Kravis doesn’t have to look any further than his own publicly listed fund to find supporting evidence. Kohlberg Kravis Roberts and Co. (KKR) raised $5 billion (Rs24,400 crore today) from the public market in mid-2006. The money was used to invest in KKR’s flagship funds and deals. But the Amsterdam-listed fund’s market value is now less than $500 million, and is 87% below the net asset value from its last audited quarterly statement in September.
The trouble is that most leveraged buyout (LBO) funds paid too much for companies during the boom and took on too much debt. Public market values have plunged, suggesting the equity slices buyout firms hold in portfolio companies are worth little. Many are worth even less than their debts. And things are about to get worse, with rising unemployment and slower economic growth likely for another few quarters.

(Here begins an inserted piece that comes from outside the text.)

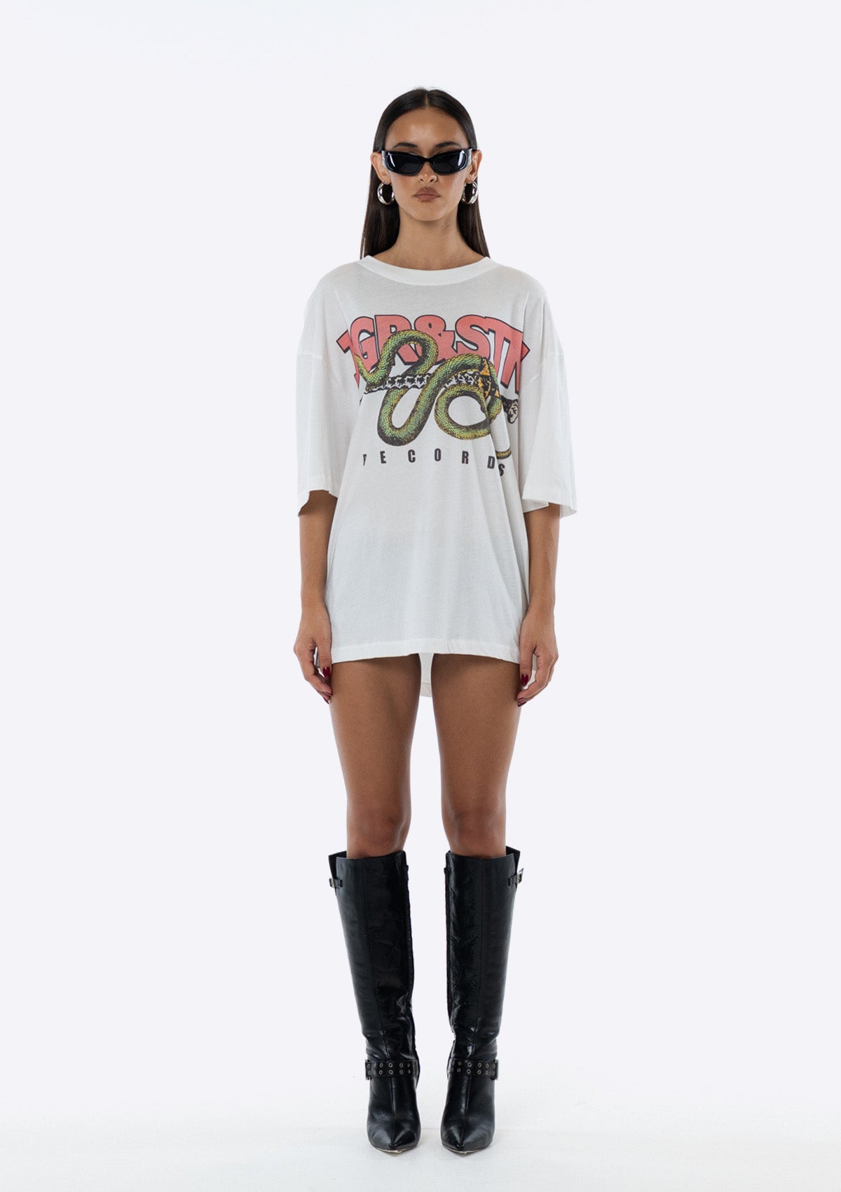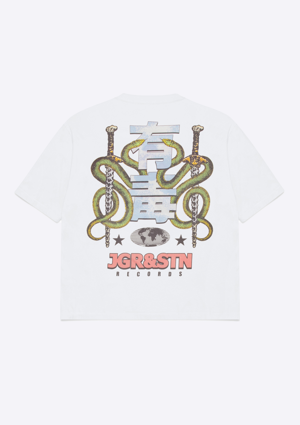 Introducing the JGR & STN Records Oversized Tee. Crafted in a soft, vintage-feel fabric and featuring printed graphics on the front.

Moreover, Kravis and others aren’t in a great position to capitalize on the global decline in asset prices as leverage for new deals is non-existent or too expensive. The number of buyouts has fallen 64% so far this year. Meanwhile, getting out of existing investments is equally fraught. Exit volumes are off 63% so far this year versus last.
That creates a further complication. PE investors such as university endowments and pension funds usually recycle the cash they get back from matured PE investments to continue funding new LBO deals. With the exits dried up—and cash a scarce commodity amid the decline in nearly all other asset classes—some are trying to back out of their so-called capital commitments.
Of course, just because PE feels lifeless doesn’t mean that buyout barons will give up and spend more time with their yachts. PE firms do have pools of long-term capital relative to, say, hedge funds or Wall Street investment banks. So the funds themselves won’t go away with a Lehman-like poof.
Some buyout firms may just wind down their operations over a number of years. In the meantime, some buyout pros will try to reinvent themselves as distressed debt investors. But the two investing skills aren’t perfectly interchangeable as TPG showed with its failed rescue of US thrift Washington Mutual last year. For Kravis, PE may not be dead, but he may be in the minority.